[Given information]:
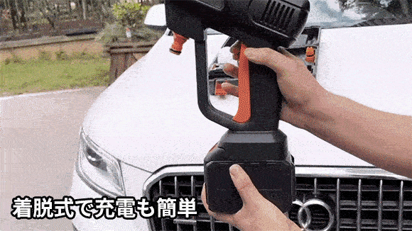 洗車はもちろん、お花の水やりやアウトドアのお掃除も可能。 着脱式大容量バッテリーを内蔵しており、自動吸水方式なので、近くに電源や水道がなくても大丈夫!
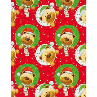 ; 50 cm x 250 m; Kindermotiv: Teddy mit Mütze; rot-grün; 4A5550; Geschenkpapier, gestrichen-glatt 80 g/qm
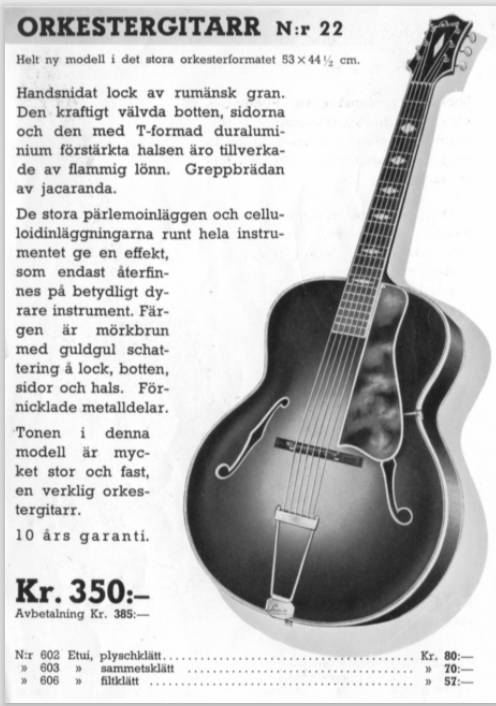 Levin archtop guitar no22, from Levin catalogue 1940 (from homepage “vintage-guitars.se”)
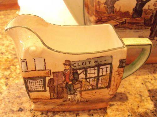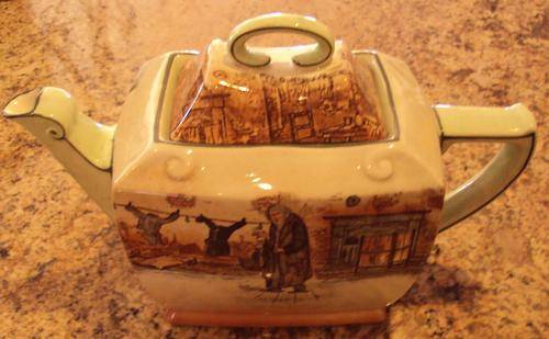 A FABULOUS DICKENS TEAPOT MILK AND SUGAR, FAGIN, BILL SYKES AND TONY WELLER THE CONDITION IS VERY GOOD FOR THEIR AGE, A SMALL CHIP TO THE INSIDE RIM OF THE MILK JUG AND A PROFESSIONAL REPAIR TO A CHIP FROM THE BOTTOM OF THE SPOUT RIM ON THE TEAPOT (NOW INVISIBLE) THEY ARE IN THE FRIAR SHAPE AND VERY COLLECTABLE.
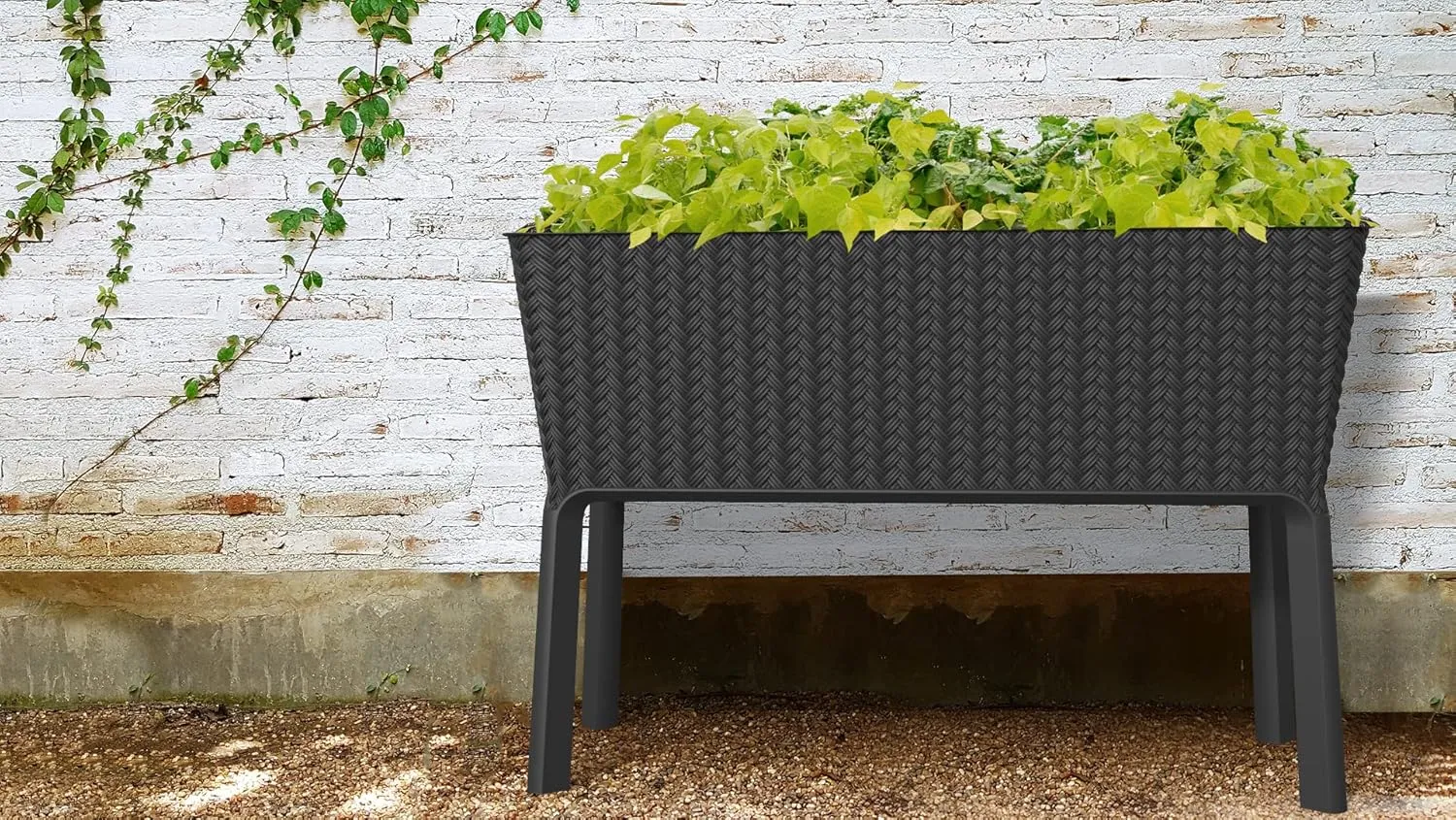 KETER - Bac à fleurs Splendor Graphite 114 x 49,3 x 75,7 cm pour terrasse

[Brief]:
Each record should be given again exactly, with no picture carried over.

[Expected answer]:
 洗車はもちろん、お花の水やりやアウトドアのお掃除も可能。 着脱式大容量バッテリーを内蔵しており、自動吸水方式なので、近くに電源や水道がなくても大丈夫!
 ; 50 cm x 250 m; Kindermotiv: Teddy mit Mütze; rot-grün; 4A5550; Geschenkpapier, gestrichen-glatt 80 g/qm
 Levin archtop guitar no22, from Levin catalogue 1940 (from homepage “vintage-guitars.se”)
 A FABULOUS DICKENS TEAPOT MILK AND SUGAR, FAGIN, BILL SYKES AND TONY WELLER THE CONDITION IS VERY GOOD FOR THEIR AGE, A SMALL CHIP TO THE INSIDE RIM OF THE MILK JUG AND A PROFESSIONAL REPAIR TO A CHIP FROM THE BOTTOM OF THE SPOUT RIM ON THE TEAPOT (NOW INVISIBLE) THEY ARE IN THE FRIAR SHAPE AND VERY COLLECTABLE.
 KETER - Bac à fleurs Splendor Graphite 114 x 49,3 x 75,7 cm pour terrasse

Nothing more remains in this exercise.